SAN FRANCISCO -- Hunter Pence has needed more than a little bit of perseverance in his life. Otherwise, he would not have endured playing virtually every game from his promotion to the Major Leagues in 2007 through the end of the 2014 season. Nor would he have weathered the multitude of injuries that have threatened to erode his skills since 2015.
Thus, when Pence faced Padres closer Brad Hand in Sunday's 11th inning with the bases loaded, one out and San Diego leading, 2-1, Pence embraced the confrontation. After all, this was a challenge he wanted to face.
"It's like a kid on a Christmas morning for me," said Pence, who hit a roller past first base and into right field that lifted the Giants to a 3-2 triumph. "It's a lot of responsibility, but that's what you dream of every day."
Skeptics might have believed that the dream has become a nightmare for Pence, who owned a .191 batting average when he stroked Hand's slider up the line to score Andrew McCutchen and Buster Posey and erase the 2-1 lead San Diego forged in its half of the 11th. The Giants (40-39) won three of the series' four games to climb above .500 .
Pence, who started in left field and went hitless in his first three at-bats, did one of the things he does best: He avoided all negative thoughts.
"You know, I don't really [dwell] on that," Pence said, referring to his batting average. "I go out each day to play to win the game. … I feel good about the preparation. I just want to be as prepared as I can and come out to play to win. And at the end of the year, the numbers will be what they're going to be."
Pence's stint against Hand appeared numbered when the left-hander forged ahead on the count 0-2. But Pence managed to get enough of Hand's 85 mph slider to poke it into right field.
"I just wanted to put a good swing on whatever he threw up there, try to lay off the high fastball," Pence said. "He's got a nasty slider. It's just competing. You've got to trust your hands and battle the best you can, and fortunately I found a hole."
The result was Pence's 11th career game-ending hit. His last one occurred on May 23, 2016, against San Diego -- with Hand on the mound.
As the Giants learned along ago, Pence's mere presence can be an asset to the team.
"Just having him around, he brings the same enthusiasm and energy whether he's playing or not," second baseman Joe Panik said.
Giants manager Bruce Bochy said that he felt "ecstatic" for Pence, who missed 40 games earlier this season with a sprained right thumb.

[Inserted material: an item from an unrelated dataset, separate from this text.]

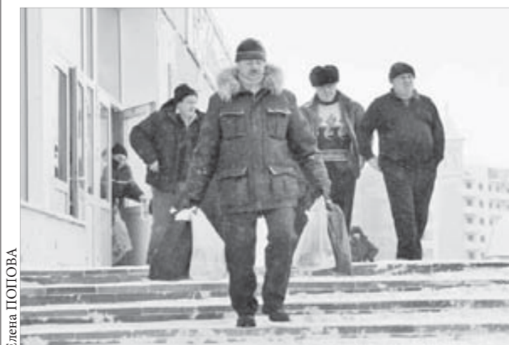
Закупались на неделю

Для удобства горожан в течение двух дней на ярмарку ходили специальные автобусные маршруты Дворец спорта “Арктика” – Ленинский проспект. Также до “Арктики” можно было доехать

"It's been a tough road for him," Bochy said. " …. He finds a way, though, at times, and he did today. He comes up with the game on the line and he put it in play. Good things happen when you do that. The thing we had to stay away from was a strikeout. He battled his tail off and he put it in play, he put it in a good spot. For him, this was probably his biggest hit, just with what's been going on this year for him, so we're all happy for him."
MOMENTS THAT MATTERED
Dereck Rodriguez pitched a career-high seven innings and lapsed only once -- when San Diego's Manuel Margot homered to open the game.
"It was big, real big," Bochy said. "That kid, what a great job."

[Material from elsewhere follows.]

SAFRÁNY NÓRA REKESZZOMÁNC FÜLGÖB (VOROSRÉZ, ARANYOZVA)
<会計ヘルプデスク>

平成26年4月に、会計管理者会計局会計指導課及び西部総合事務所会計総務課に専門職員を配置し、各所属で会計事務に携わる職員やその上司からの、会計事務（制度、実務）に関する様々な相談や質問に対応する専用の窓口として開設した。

Rodriguez insisted that he did not consider this outing an audition, though the Giants will be compelled to reshape their starting rotation with Jeff Samardzija and Johnny Cueto due to leave the disabled list soon.

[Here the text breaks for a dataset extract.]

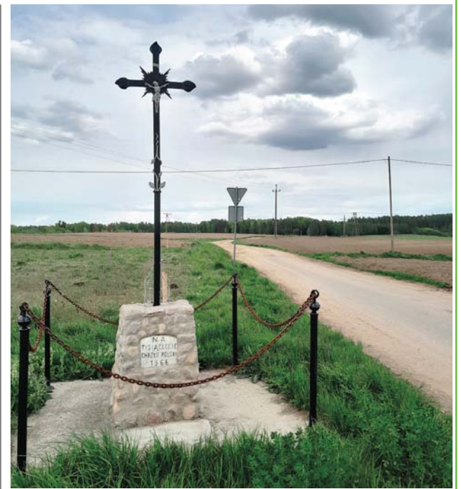
Krzyż postawiony w 1966 roku, na 1000-lecie chrztu Polski

Oczywiście do wyboru jest mnóstwo krótszych tras. Można sobie zresztą samemu jakąś wytyczyć. Ja tak z reguły robię. Wypatruję sobie coś ciekawego, co bym chciał zobaczyć,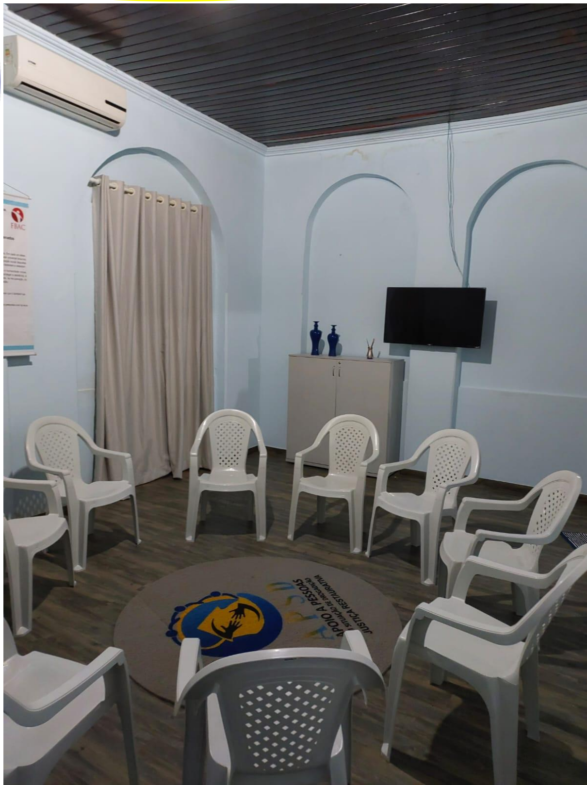
Estrutura e moveis para o uso de nossas reuniões

Rodriguez and the other Giants starters -- Andrew Suarez, Madison Bumgarner and Chris Stratton -- combined to record a 1.35 ERA (4 ER in 26 2/3 innings) in this four-game series.
Monday's scheduled off-day will break the Giants' streak of 17 consecutive games, which matched a season high. They'll begin a three-game home series Tuesday against National League West rival Colorado. San Francisco will open the series behind left-hander Derek Holland at 7:15 p.m. PT. The Giants have won seven of his last 11 starts. Colorado will counter with right-hander Chad Bettis.